The Lower T-Zone Showing is comprised of a massive sulphide-quartz lode 1 to 1.5 metres thick underlain by a 5 metre wide pyrite stringer zone. The massive sulphide lode strikes at approximately 120 degrees and dips 45-50 degrees southwesterly. The lode is comprised of 85 per cent sulphide consisting largely of pyrrhotite, with noticeable chalcopyrite, pyrite and sphalerite. A grab from the Lower T-Zone assayed 16.9 grams per tonne gold, 6.4 grams per tonne silver and 0.22 per cent copper (Assessment Report 19001).
The Bronson property was staked in 1983 by Mr. Chris Graf as part of the much larger Gossan property which extended a further 15 kilometres southeast. In 1983, Lonestar Resources (Bending, 1984) completed an extensive regional mapping, silt and soil sampling program over the entire Gossan property. During this program a line of soil and silt samples was taken along the north and south slopes of the Bronson Creek Valley including the present Bronson Property. This soil and silt program returned several anomalous gold values. The Bronson East and Wolverine showings were also discovered during this program.

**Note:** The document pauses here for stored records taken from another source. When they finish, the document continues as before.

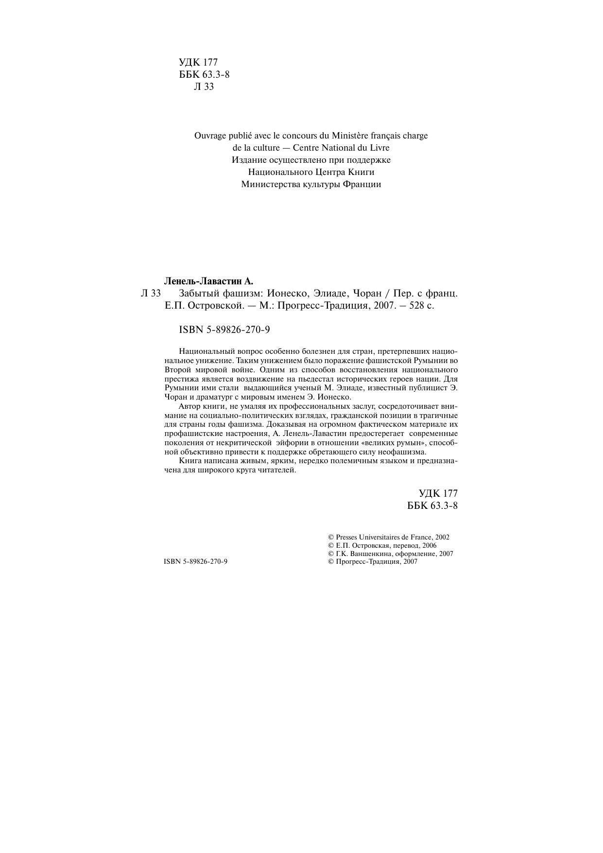 Автор книги, не умаляя их профессиональных заслуг, сосредоточивает внимание на социально-политических взглядах, гражданской позиции в трагичные для страны годы фашизма. Доказывая на огромном фактическом материале их профашистские настроения, А. Ленель-Лавастин предостерегает современные поколения от некритической эйфории в отношении "великих румын", способной объективно привести к поддержке обретающего силу неофашизма.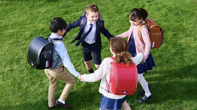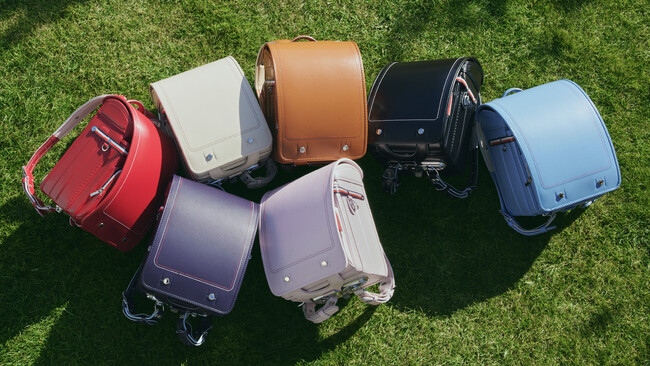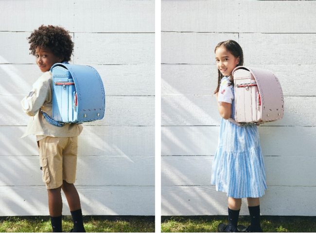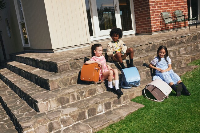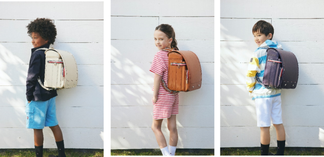 上品でソフトな色目の3つの新色は、トラッドでフォーマルなフォルムながら、周りとは一線を画すオシャレな佇まいで、お子様の毎日を彩ります。現在販売しているレッド、ネイビー、ブラック、キャメル、ソフトベージュに、新しくスチールブルー、ネールピンク、ライラックが加わり、全8色で展開します。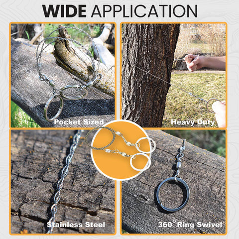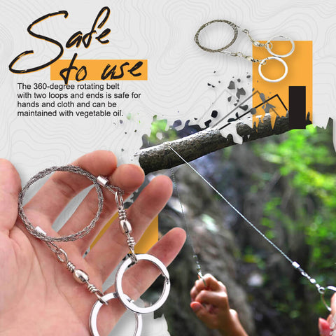 ► HIGH-QUALITY MATERIALSMade of superior 4 Strands stainless steel wire rope winding which has strong tensile strength. It is good strength hardness and elasticity, which is a portable survival chainsaw.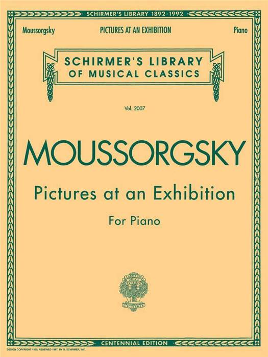 (Piano Large Works). This favorite piano cycle was composed by Mussorgsky in about 3 weeks, and was inspired by the drawings and watercolors of a his friend, the painter Victor Hartmann. Many changes have been made to the score over the years but this edition presents the work as Mussorgsky originally composed it. Contents: Ballet of the Chicks in their Shells * Catacombae * The Gnome * Great Gate of Kiev * The Hut on Fowl's Legs * The Market Place in Limoges * The Old Castle * The Ox Cart * Samuel Goldenberg & Schmuyle * Tuileries.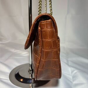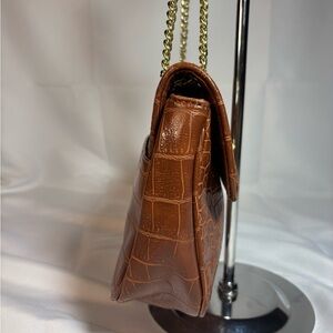 Elegant brown shoulder bag with a crocodile embossed design. Features a stylish chain strap for a chic look.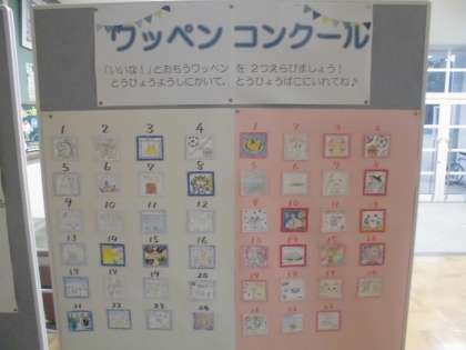 6年生が,たてわりグループのために作ったワッペンを里のホールに掲示し,素敵な作品に投票をしました!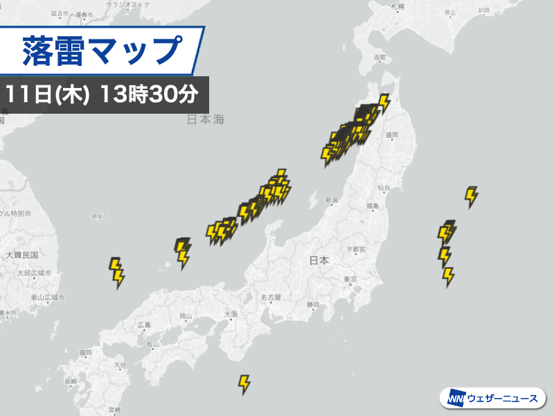 東北から日本海には、寒冷前線がのびています。周辺では大気の状態が不安定で、局地的に雨雲が発達し、秋田県藤里町では13時50分までの1時間に20.0mmの強い雨を観測しました。落雷も頻発しています。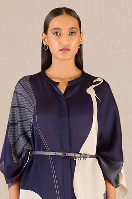 Dark purple kaftan style shirt featuring floral and peacock prints. Paired with coordinating solid straight fit pant and a brass accents leather belt.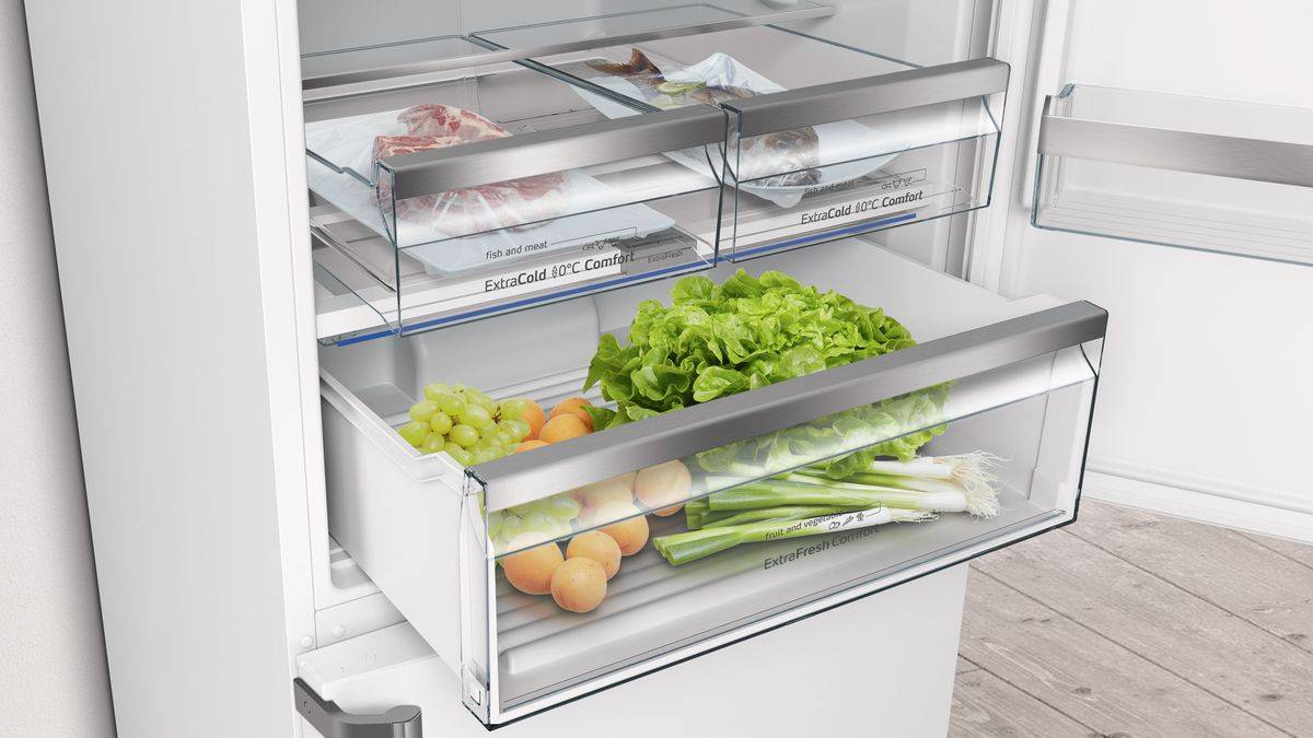 Морозильный отсек, размещенный внизу, обладает ёмкостью 78 литров. Этого пространства достаточно для заморозки большого количества продуктов, и благодаря трем большим выдвижным ящикам, организация хранения становится удобной и эффективной.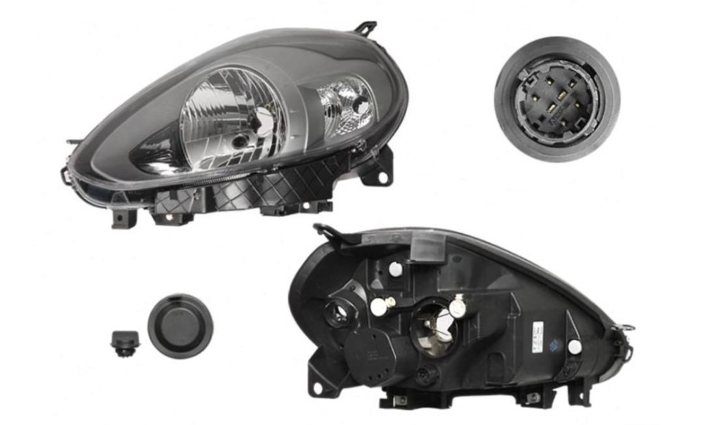 Far Fiat Punto Evo (199) 09.2009- TYC partea Stanga, tip bec H4, lumini de zi, cu rama gri, reglaj electric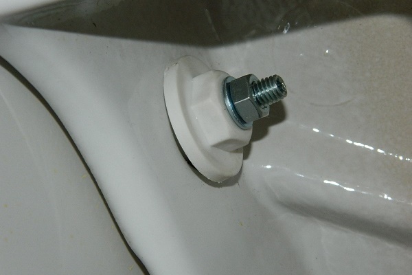 We hang the washbasin bowl, and bait the nuts through plastic or rubber gaskets.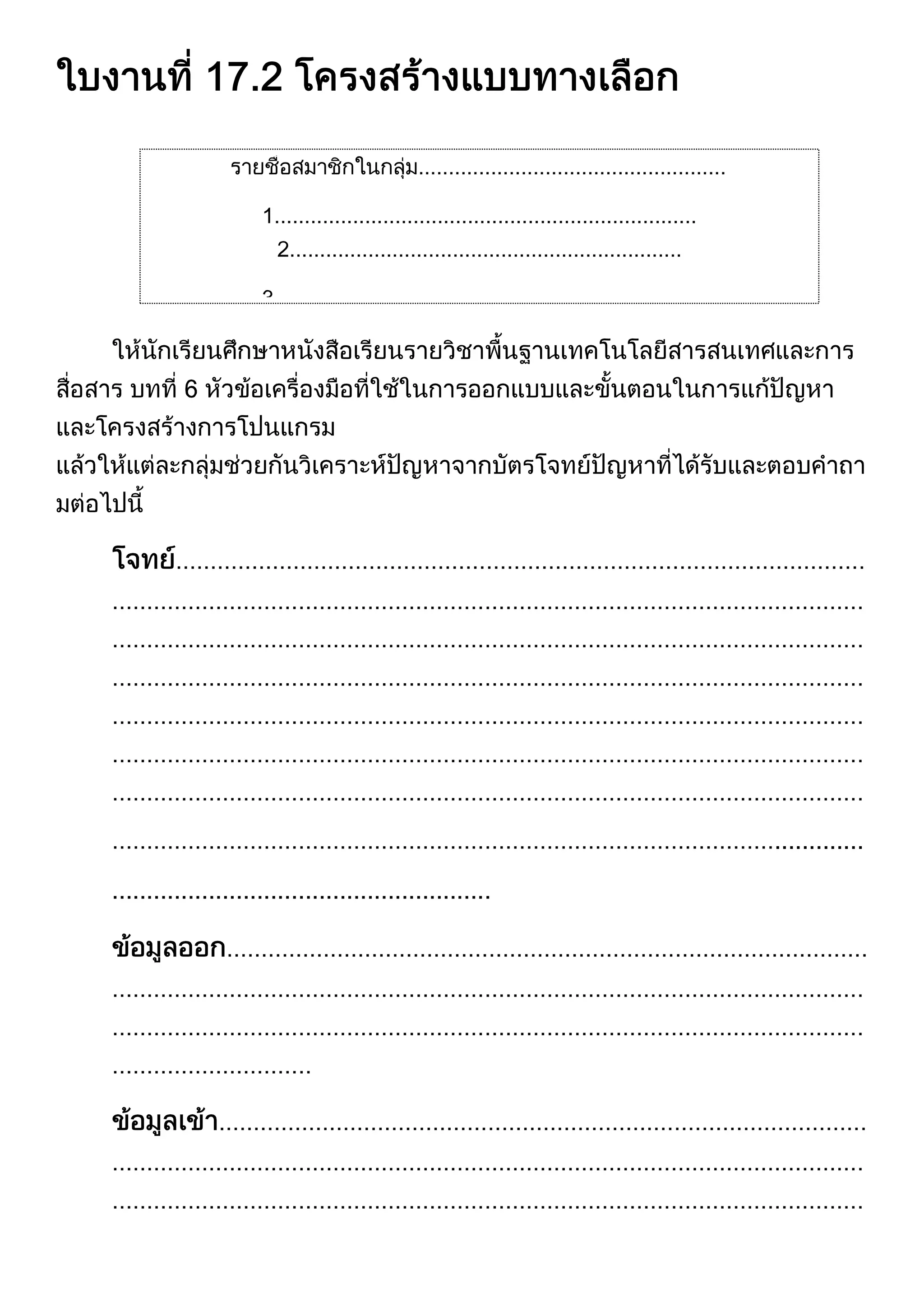 ใบงานที่ 17.2 โครงสร้างแบบทางเลือก<br/> รายชื่อสมาชิกในกลุ่ม...................................................1...................................................................... 2.................................................................3...................................................................... 4.................................................................<br />ให้นักเรียนศึกษาหนังสือเรียนรายวิชาพื้นฐานเทคโนโลยีสารสนเทศและการสื่อสาร บทที่ 6 หัวข้อเครื่องมือที่ใช้ในการออกแบบและขั้นตอนในการแก้ปัญหา และโครงสร้างการโปนแกรม แล้วให้แต่ละกลุ่มช่วยกันวิเคราะห์ปัญหาจากบัตรโจทย์ปัญหาที่ได้รับและตอบคำถามต่อไปนี้ <br />โจทย์......................................................................................................................................................................................................................................................................................................................................................................................................................................................................................................................................................................................................................................................................................................................................................................................................................................................................................................................................................<br />ข้อมูลออก....................................................................................................................................................................................................................................................................................................................................................<br />ข้อมูลเข้า...............................................................................................................................................................................................................................................................................................................................................................................................................................................................................................................................................................................................................................................................................................................................................................<br />ตัวแปรที่ใช้ (Variable)<br />................................................................................................................................................................................................................................................................................................................................................................................................................................................................................................................................................................................................................................................................................................................................................................<br />การประมวลผล<br /> รหัสลำลอง..........................................................................................................................................................................................................................................................................................................................................................................................................................................................................................................................................................................................................................................................................................................................................................................................................................................................................................................................................................................................................................................................................................................................................................................................................................................................................................................................................................................................................................................................................................................................................................................................<br />ผังงาน (flowchart)<br /> <br />ใบงานที่ 17.3 โครงสร้างแบบวนซ้ำ<br /> รายชื่อสมาชิกในกลุ่ม...................................................1............................................................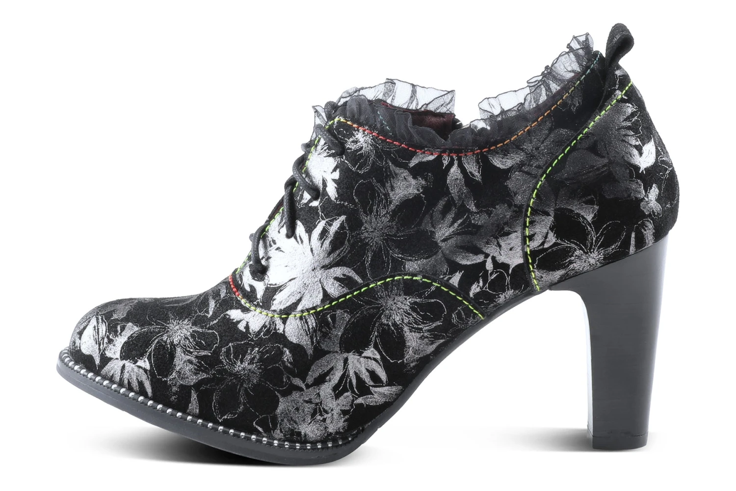 L`Artiste Style: Glitzish -Unique printed genuine suede shootie with feminine pleated tulle design, an inside zipper and Lace-up closure for adjustability and easy on and off on an elegant stacked heel, and bracelet inspired welt design.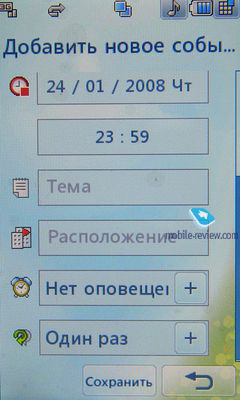 В настройках календаря можно выбрать режим отображения – понедельное или весь месяц, и время начала трудовой недели – воскресенье или понедельник. К нашему большому удивлению теперь пользователи не могут выбрать персональную мелодию для звукового уведомления. Зато любое из событий можно отправить в сообщении (SMS, MMS, Email) или посредством Bluetooth. При просмотре событий конкретной даты можно воспользоваться выделением для удаления нескольких записей. Тот, кому может понадобиться сделать резервную копию календаря или напоминаний, может воспользоваться возможностью резервного копирования с выбором памяти, куда будет сохранен файл – внутренняя или внешняя память. Через то же меню можно восстановить сохраненные данные. Для Встречи можно установить дату и время начала и окончания, добавить описание (138 знаков), место проведения, а также указать время срабатывания сигнала: конкретное, за 15, 30, 60 минут или 1, 3, 7 дней. Повтор сигнала может быть установлен на одноразовое срабатывание, ежедневное, еженедельное, ежемесячное, ежегодное или по желанию пользователя – ежедневно, еженедельно, тип месяца 1 или 2, тип года 1 или 2. Для каждой из персональных настроек предусмотрены еще отдельные, где можно указать, что это будет каждый второй вторник месяца или каждый, например, 77 день года и т.п. Последнее поле позволяет выбрать дату окончания события. Для Годовщины доступны похожие возможности, что и для Встреч. Единственное, чем они отличаются между собой, так это значками, которыми обозначаются при просмотре календаря. В отличие от предыдущих двух типов событий День рождения имеет только время и дату начала, описание, время срабатывания сигнала и повторение – раз или каждый год, а также установку окончания события.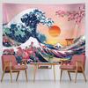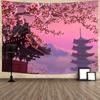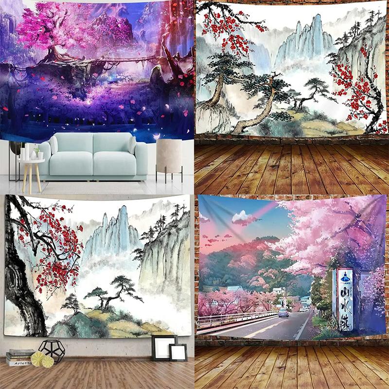 Japanese Mountains And Cherry Blossom Tapestry Sakura Village Aesthetic Art Bedroom Wall Hanging Anime Landscape Tapestry

In 1987 Western Canadian completed a geological mapping, rock chip sampling and soil sampling program over most of the Bronson property. This program included a 100 by 25 metre soil sampling grid along the north side of the Bronson Creek Valley in the vicinity of the Bronson East showing. The survey returned many anomalous gold values most of which were located beneath or south of the Bronson East Showing.
In 1988, under option from owner Western Canadian Mining Corp, Cathedral Gold Corporation conducted a program of linecutting, geophysical surveys (28 kilometres of VLF and 20 kilometres of ground magnetics), soil sampling, prospecting (137 rock) and trenching (30 metres) was completed on the Gossan 15, 17, 23 and 30 mineral claims. During 1988, Cathedral Gold discovered the T-zone, located about 150 metres northwest of the Bronson East showings. Five rock samples were taken in the Wolverine (104B 206) area in 1988. The remainder of the work was done on the Bronson East-T zone area and the gridded area northeast of the Wolverine.